= John Macsween (entrepreneur) =

John Angus Macsween (17 October 1939 - 12 July 2006) was a Scottish butcher and entrepreneur who helped popularise haggis as an international dish.

==Business==
Macsween came from a family of butchers in Edinburgh, where he noted the popularity of haggis among English rugby fans attending international matches at Murrayfield Stadium. After taking over the family business in 1975, the subsequent popularity of their haggis led to his opening the world's first purpose-built haggis factory, and the sale of the butchers company. In the 1970s Macsween took samples to London, and soon received orders for Macsween haggis from major buyers including Selfridges, Harrods, and Fortnum & Mason.

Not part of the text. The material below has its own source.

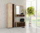 ZobrazitPředsíň skládající se ze 3 dílů, které se mohou libovolně umístit v prostoru nebo těsně vedle sebe. Komoda nebo botník na obrázku vpravo dole má jednu zásuvku. Nad ním je na stěně upevněné zrcadlo s hrubým rámem, které má na spodní straně 2 drobné zásuvky. Na obrázku nalevo je vysoká skříň s jedněmi dveřmi. Sestava stojí na drobných šedých nožkách a je vybavena hranatými šedými úchyty. Provedení je dub sonoma světlá a dub sonoma tmavá.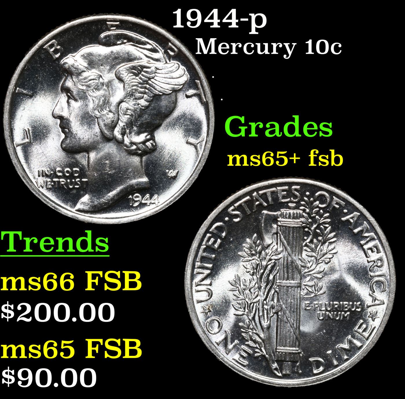 1944-p Mercury Dime 10c Grades GEM+ FSB.

Macsween started to produce what was described as a vegetarian haggis in 1984, after a request from the Burns Supper at the Scottish Poetry Library. It is stated that this was the first vegetarian haggis produced and available commercially.

==Personal life==
Macsween was the eldest of three siblings and attended James Gillespie's High School and George Heriot's School.

Macsween married Kate Mackay, the daughter of James Wilson McKay, who became Lord Provost of Edinburgh, in 1964. His wife and his four children survived him at this death, and Macsween haggis continued to be produced, sold under both the Macsween name and as supermarkets' own brands.

He also had an interest in horticulture.